The knight turned to her. She gazed in silence at that faceless helmet for many long seconds. Finally, it was the knight who gave up the staring contest. “I come in peace,” he shrugged. “If trouble starts, I won’t be the cause.”

“You’ll be the cause, no matter who strikes the first blow,” Cappie told him. “Remember that.”

“Don’t be such a mope,” the knight said, as if briskness would win the argument. “Everywhere I go, people are so deathly serious. I don’t see why they always work themselves into a state. Just once I’d like to visit a town where my arrival doesn’t precipitate some crisis.”

He turned away and sloshed to join the Neut on the far shore. Without a word, he grabbed the belt of the Neut’s pants and heaved up solidly. The Neut nearly flew onto the bank, scrabbling forward on hands and knees to avoid landing on Its face. “Rashid!” the Neut cried, “be careful, damn it. Just because the girl annoyed you, don’t take it out on me.”

“You’re the one who annoyed me,” the knight answered in a sharp whisper that carried across the water. “What were you doing out here? We have other business.”

“Just let me get the violin…”

“No. Stop your whining.” The knight turned back to me. “Take care of that instrument. We’ll expect it returned in good condition.”

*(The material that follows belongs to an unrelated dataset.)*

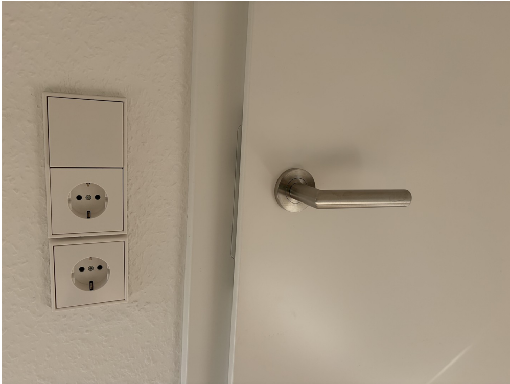
JUNG-Install. / Griffwerk-Gar.

“Begone, Creature of Darkness!” I shouted, as I began the finger exercise yet again.

“Fine. I’m gone.”

Suddenly, the water around the knight roiled with bubbles, as if every twelve-year-old boy who’d ever gone swimming was farting under the surface. The knight shot upward, clouds of smoke billowing from his boots as they broke clear of the creek. I quickly held my breath and spun away from the smoke, anxious to avoid more vomit-gas. This smoke, however, was nothing like the previous kind; its smell was foul but its effects harmless.